A few days later, I moved in with Kelly and stayed three years, until I caught her with Manuel, a foreign exchange student from Nicaragua I had fallen in love with. Perhaps the worst part was, I didn’t know whom to be more jealous of—her or Manuel.

Confused? So was I.

Being gay in Mississippi was exhausting, and especially hard on those women ensnared in our cover stories, unwitting characters in our elaborate productions to remain hidden in plain sight. And sadly, there were people like Tammy, who seemed to attract men like me looking for camouflage. She was far better at finding gay men than I was.

I often wondered what became of her. Years later, while working on my “making amends” list for a 12-step program, I decided to track her down and acknowledge the pain I had caused. I found her brother, who told me Tammy had moved to Biloxi and married a staunch Baptist preacher, now a vocal opponent of gay rights. He was a fixture at Pride events, with Tammy standing proudly by his side holding a “God Hates Fags” sign.

He said his sister had turned bitter and mean. That nobody in the family could stand her. Then he chuckled, “You know, Johnny, you were lucky to be gay.”

I couldn’t help but wonder if Tammy married that preacher to halt the endless parade of closeted gay men into her life. Of course, when it comes to homophobic preachers, it’s often a case of “the lady doth protest too much.” She’d have better luck finding a straight man in a gay bar than at a Baptist Bible college.
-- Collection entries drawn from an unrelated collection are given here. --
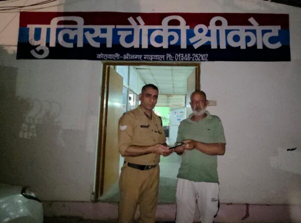 श्रीनगर : वरिष्ठ पुलिस अधीक्षक लोकेश्वर सिंह द्वारा जनपद के समस्त पुलिस कार्मिकों को दैनिक ड्यूटियों का निर्वहन करने के साथ साथ मानवता वादी भरे कार्यो को करने हेतु भी प्रोत्साहित किया जा रहा है। इस क्रम में दर्शन सिंह निवासी-श्रीनगर द्वारा चौकी श्रीकोट आकर सूचना दी गयी कि उनका मोबइल फोन श्रीकोट में कहीं खो गया है खोए फोन को उनके द्वारा काफी तलाश करने के बाद भी मोबाइल नहीं मिल पाया।
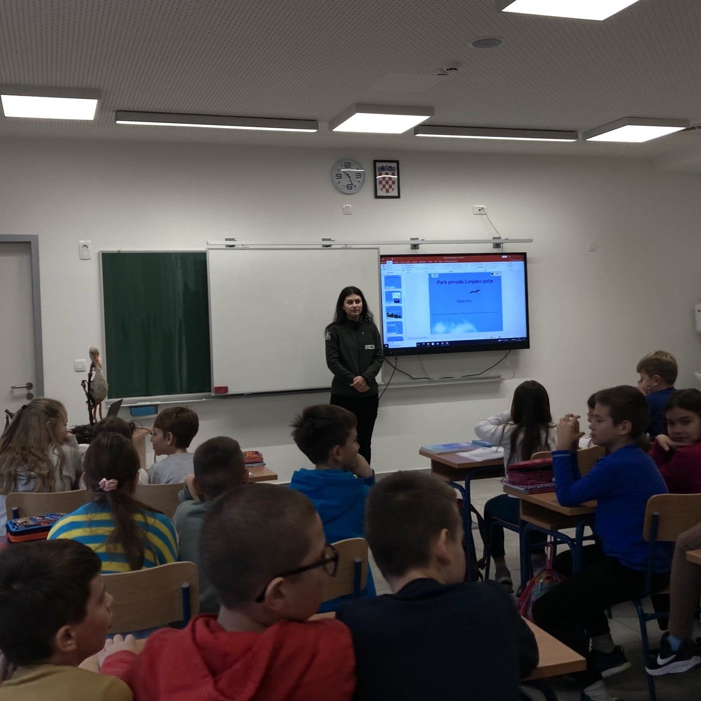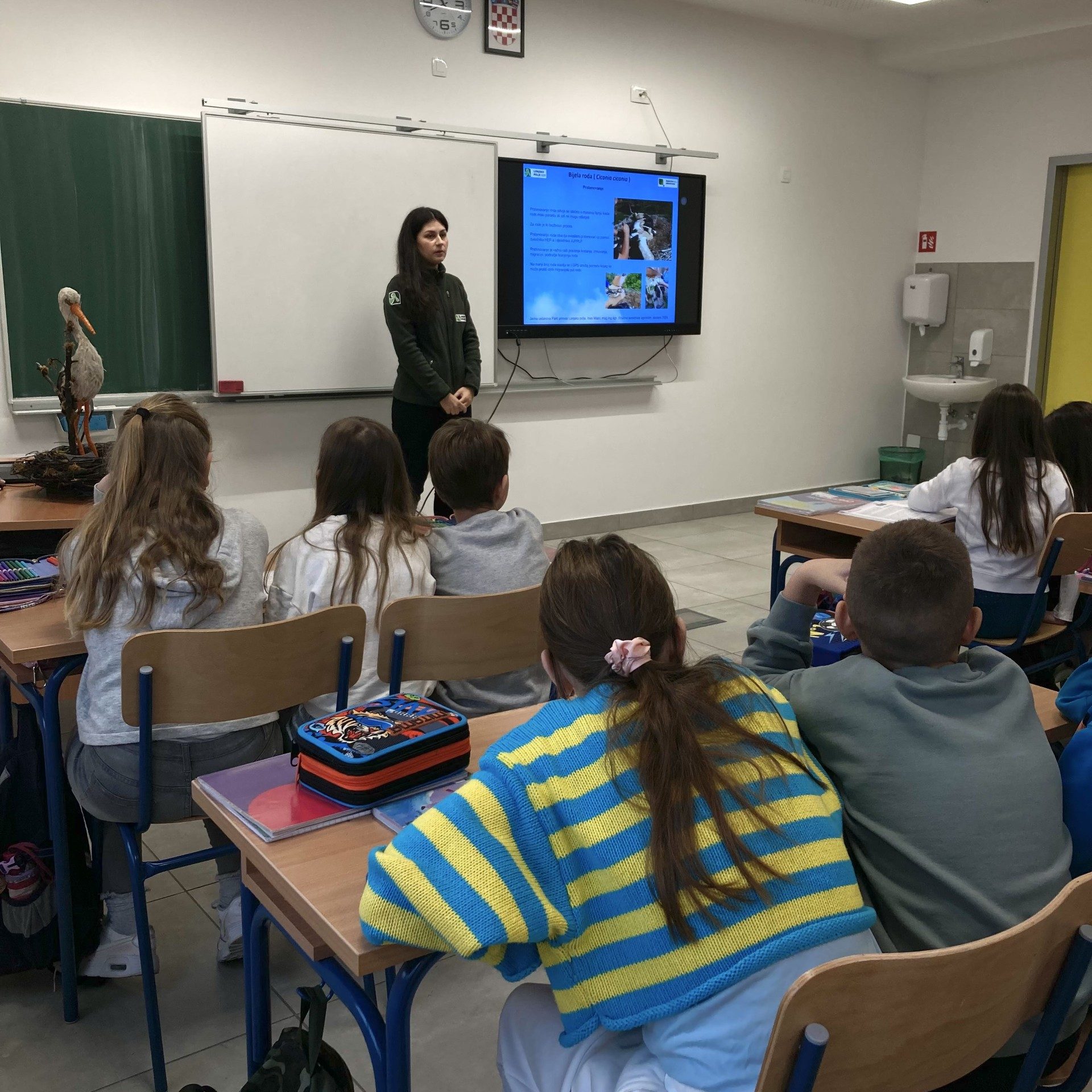 U našoj školi, učenici četvrtih razreda 19. studenog imali su priliku sudjelovati na zanimljivom i edukativnom predavanju pod nazivom Bijela roda, koje je održala Ines Miani, djelatnica Parka prirode Lonjsko polje.
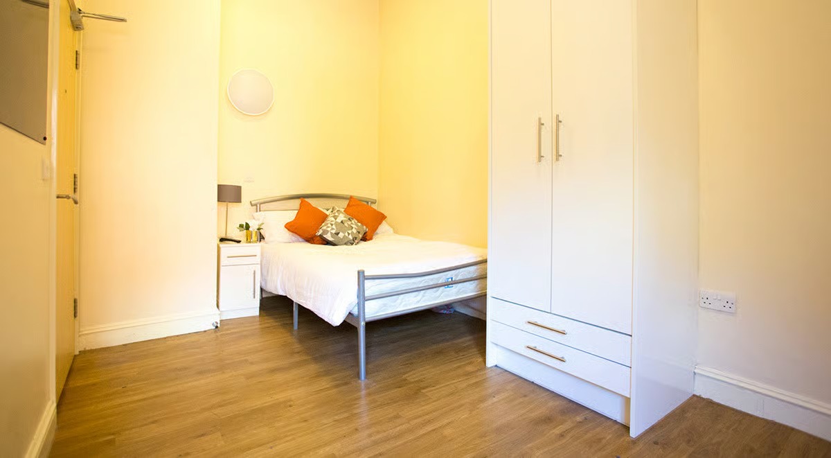 Spacious bedroom with a ¾ double bed, En-suite bathroom, study area and wardrobe. The shared area includes a lounge and kitchen area and up to 100Mbps WIFI throughout.

Luckily, Step 9 of my program gave me an out. It read, “Made direct amends to such people wherever possible, except when to do so would injure them or others.”

I decided that bringing up our past would do more harm to Tammy than good, so I dropped it. The gesture was probably half consideration and half cowardice,

I still regret how I handled everything with Tammy. Yet, I’ve never regretted not marrying her. Although sometimes, I do miss Dr. Lake and feeling like someone’s beloved son.